I dont know if this is the right place to put this post but if anything someone can just move it.
Ive noticed that I have a hard time showing love to my family, like my mom, dad, brother (well i dont particularly like my brother so that doesnt really count), my cousins,.. pretty much my entire family except for maybe my cousins who live in south america that I barely get to see. Not that i'm beat up about this or anything, I mean dont get me wrong it does kinda suck to realize I cant treat with love those who treat me with love, though I do respect them all.
I can never seem to be loving towards a family member even though I do love them very much. Its hard for me to say kind words like I love you or I miss you, and I always have this hard shell of an exterior towards my family, even those who have personally told me that they look up to me.
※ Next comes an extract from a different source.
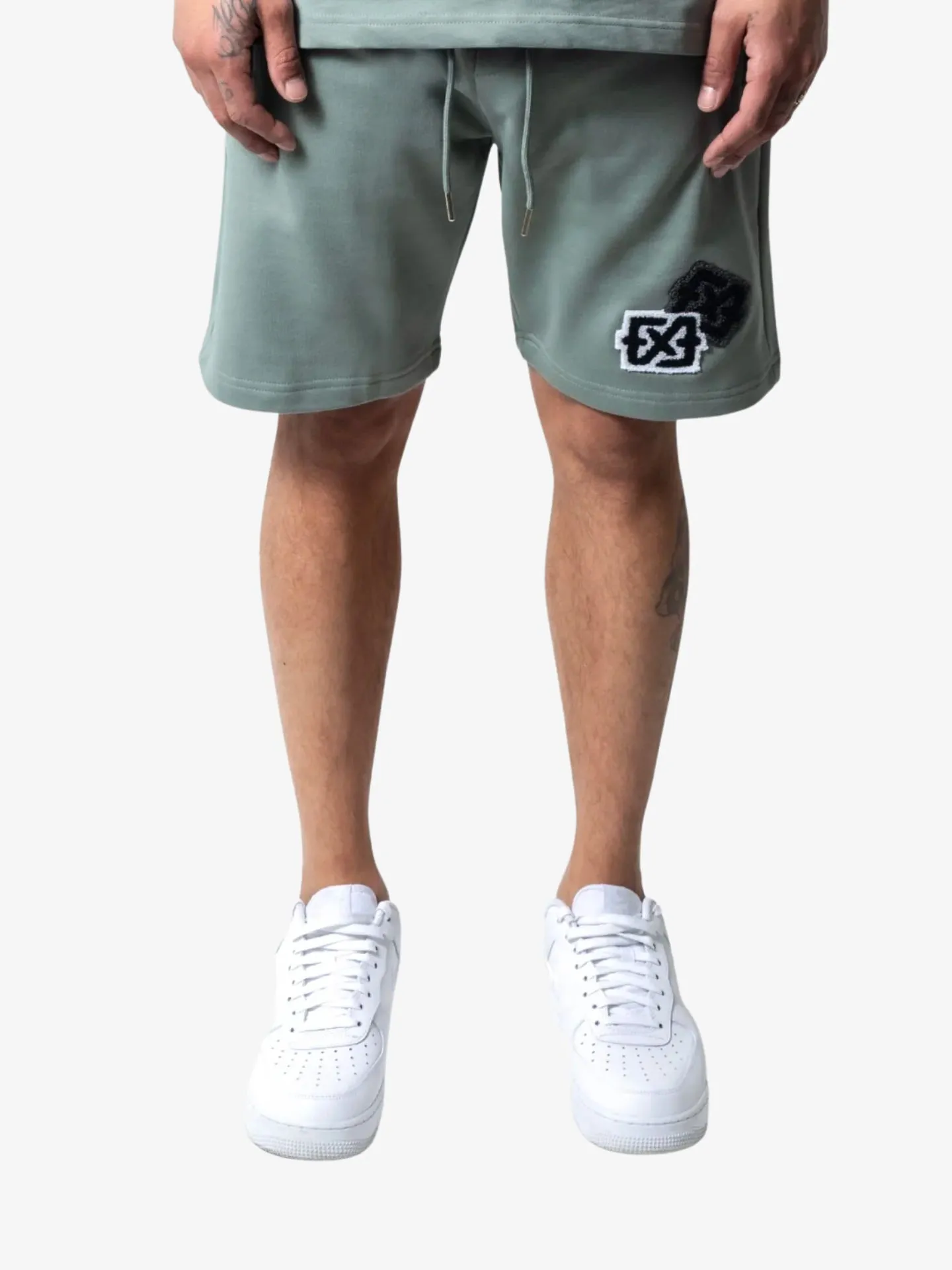 XPLCT studios mannen short in de kleur warm pastel groene kleur met applicaties XPLCT studios logo

I use to be very loving and caring but since I got into College (about 5 years ago) its been like i cant show them any love though I do love them and they know (at least I hope they know).
However I have no problem being all lovey with my very close friends and my wife (my wife for obvious reasons), I can be very heartfelt and warm with my close friends regardless of gender..
So i guess the real question is, is this common behavior? Has/Is anyone else going/gone through this? Im interested in hearing everyone's opinions on this
(p.s. dont suggest a psychologist because I dont need one, im perfectly happy, im just curious as to the reasoning behind my inability to show love towards my blood relatives.)